== Task statement ==
Use the entries below and reproduce exactly the lines from the one containing "the one on the" down to the one containing "Чашка хамелеон - оригинальный", both of them included.

[[ Records shown, beginning ]]

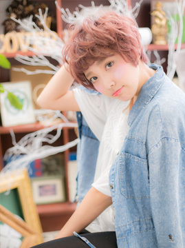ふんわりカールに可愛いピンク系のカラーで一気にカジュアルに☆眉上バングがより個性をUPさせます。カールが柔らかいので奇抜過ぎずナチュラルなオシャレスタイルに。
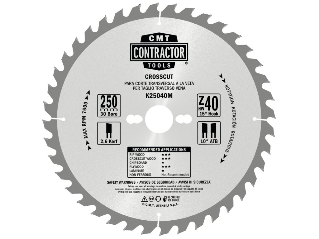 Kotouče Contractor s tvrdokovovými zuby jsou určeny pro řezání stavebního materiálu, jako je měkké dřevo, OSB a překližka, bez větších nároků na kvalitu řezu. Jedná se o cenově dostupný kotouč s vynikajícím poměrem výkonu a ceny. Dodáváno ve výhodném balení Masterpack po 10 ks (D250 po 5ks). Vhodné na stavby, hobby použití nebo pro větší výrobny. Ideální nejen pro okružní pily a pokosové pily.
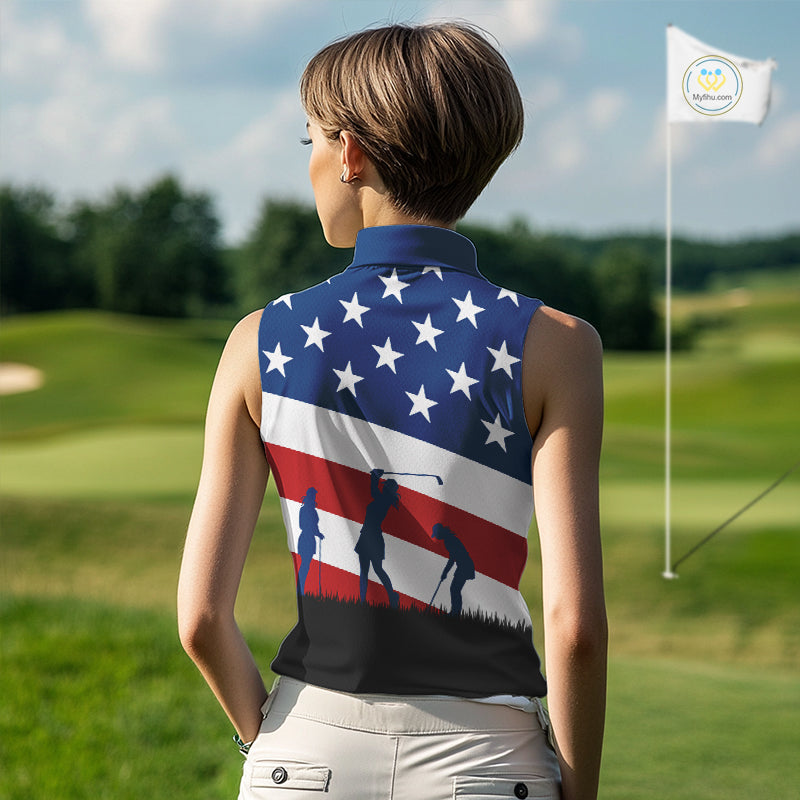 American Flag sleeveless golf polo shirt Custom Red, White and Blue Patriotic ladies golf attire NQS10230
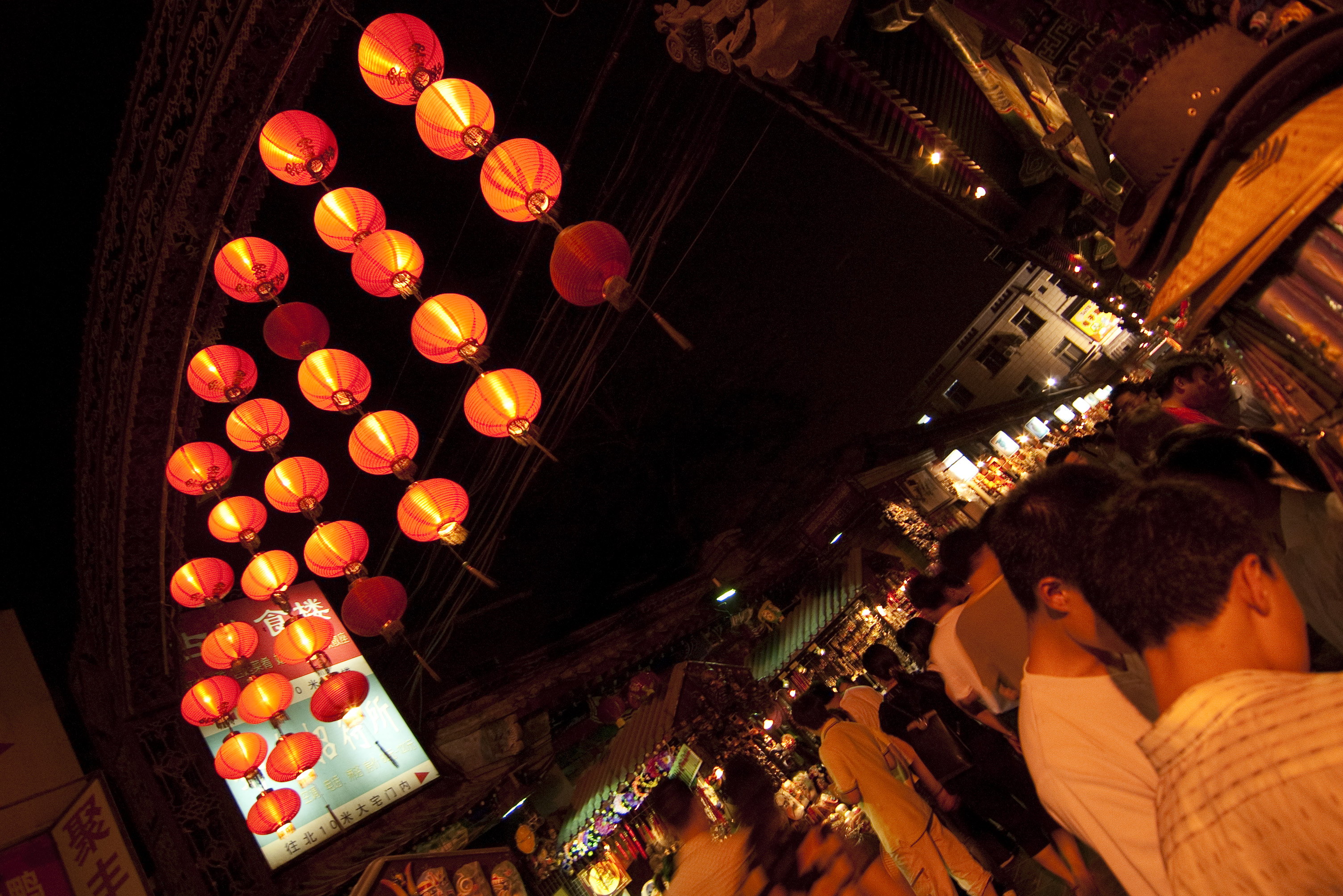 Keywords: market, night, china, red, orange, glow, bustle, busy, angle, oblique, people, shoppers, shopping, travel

[[ Records shown, end ]]
[[ Records shown, beginning ]]

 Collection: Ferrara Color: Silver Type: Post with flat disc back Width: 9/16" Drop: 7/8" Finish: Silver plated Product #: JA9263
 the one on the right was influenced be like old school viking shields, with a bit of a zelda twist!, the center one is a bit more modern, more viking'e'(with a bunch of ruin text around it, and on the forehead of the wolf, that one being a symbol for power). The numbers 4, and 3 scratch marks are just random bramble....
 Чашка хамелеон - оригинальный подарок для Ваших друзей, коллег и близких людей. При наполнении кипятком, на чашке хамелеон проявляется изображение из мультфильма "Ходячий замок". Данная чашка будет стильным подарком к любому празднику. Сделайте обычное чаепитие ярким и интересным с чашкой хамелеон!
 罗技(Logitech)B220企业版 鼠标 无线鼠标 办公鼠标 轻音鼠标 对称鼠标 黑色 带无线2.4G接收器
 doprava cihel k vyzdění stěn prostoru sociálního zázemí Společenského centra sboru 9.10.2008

[[ Records shown, end ]]

== Output below ==
 the one on the right was influenced be like old school viking shields, with a bit of a zelda twist!, the center one is a bit more modern, more viking'e'(with a bunch of ruin text around it, and on the forehead of the wolf, that one being a symbol for power). The numbers 4, and 3 scratch marks are just random bramble....
 Чашка хамелеон - оригинальный подарок для Ваших друзей, коллег и близких людей. При наполнении кипятком, на чашке хамелеон проявляется изображение из мультфильма "Ходячий замок". Данная чашка будет стильным подарком к любому празднику. Сделайте обычное чаепитие ярким и интересным с чашкой хамелеон!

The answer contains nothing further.